====== MATERIAL PROVIDED ======

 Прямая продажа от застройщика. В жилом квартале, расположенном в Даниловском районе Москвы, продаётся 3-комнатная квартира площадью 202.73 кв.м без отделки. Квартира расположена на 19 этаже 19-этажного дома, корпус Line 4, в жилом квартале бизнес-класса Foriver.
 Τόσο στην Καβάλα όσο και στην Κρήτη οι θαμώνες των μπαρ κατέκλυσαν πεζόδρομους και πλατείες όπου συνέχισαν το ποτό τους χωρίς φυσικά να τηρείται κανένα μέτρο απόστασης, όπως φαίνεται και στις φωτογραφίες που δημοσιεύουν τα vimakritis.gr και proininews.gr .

======
====== MATERIAL PROVIDED ======

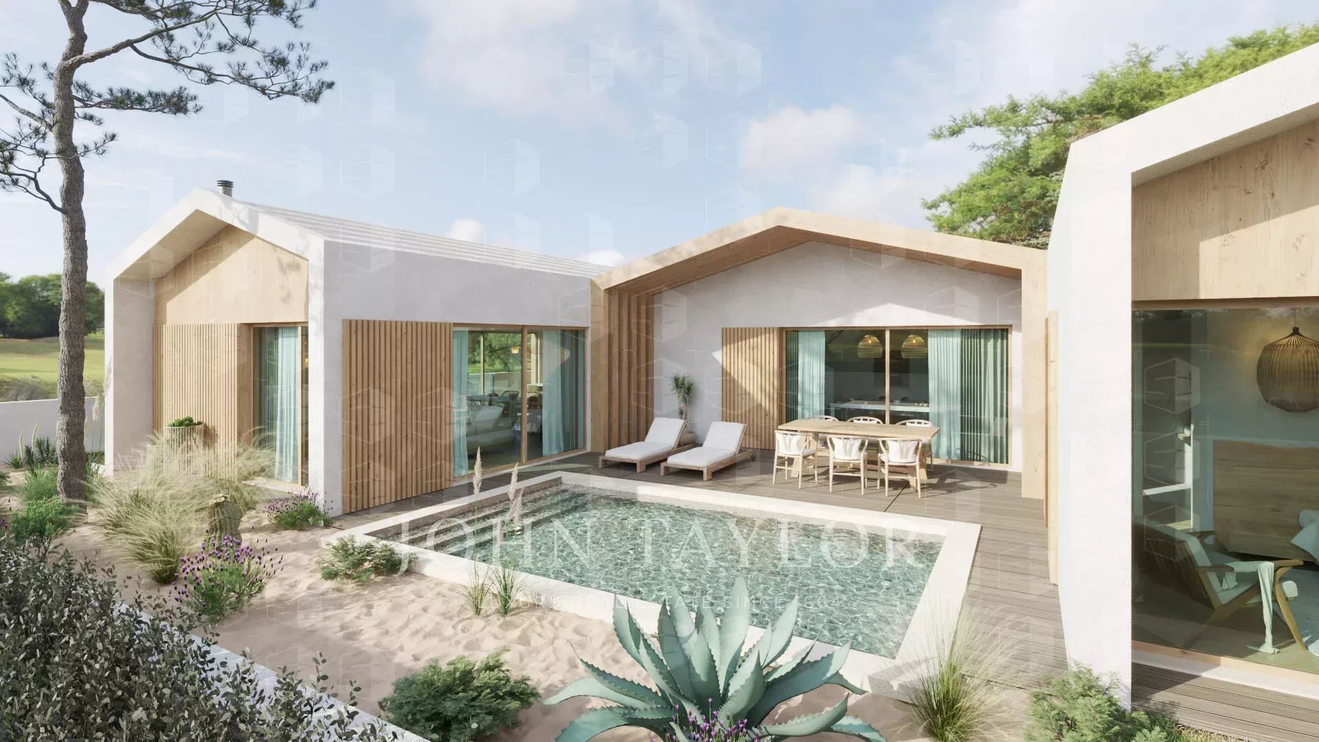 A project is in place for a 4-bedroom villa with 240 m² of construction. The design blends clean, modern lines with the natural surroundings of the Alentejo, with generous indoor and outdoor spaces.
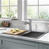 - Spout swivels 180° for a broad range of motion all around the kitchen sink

======

* _WORK REQUEST_
When you reach the line holding "A project is" in the listing above, begin retyping exactly, and stop once the line holding "- Spout swivels" is done; pictures stay out.

* _EXERCISE OUTPUT_
 A project is in place for a 4-bedroom villa with 240 m² of construction. The design blends clean, modern lines with the natural surroundings of the Alentejo, with generous indoor and outdoor spaces.
 - Spout swivels 180° for a broad range of motion all around the kitchen sink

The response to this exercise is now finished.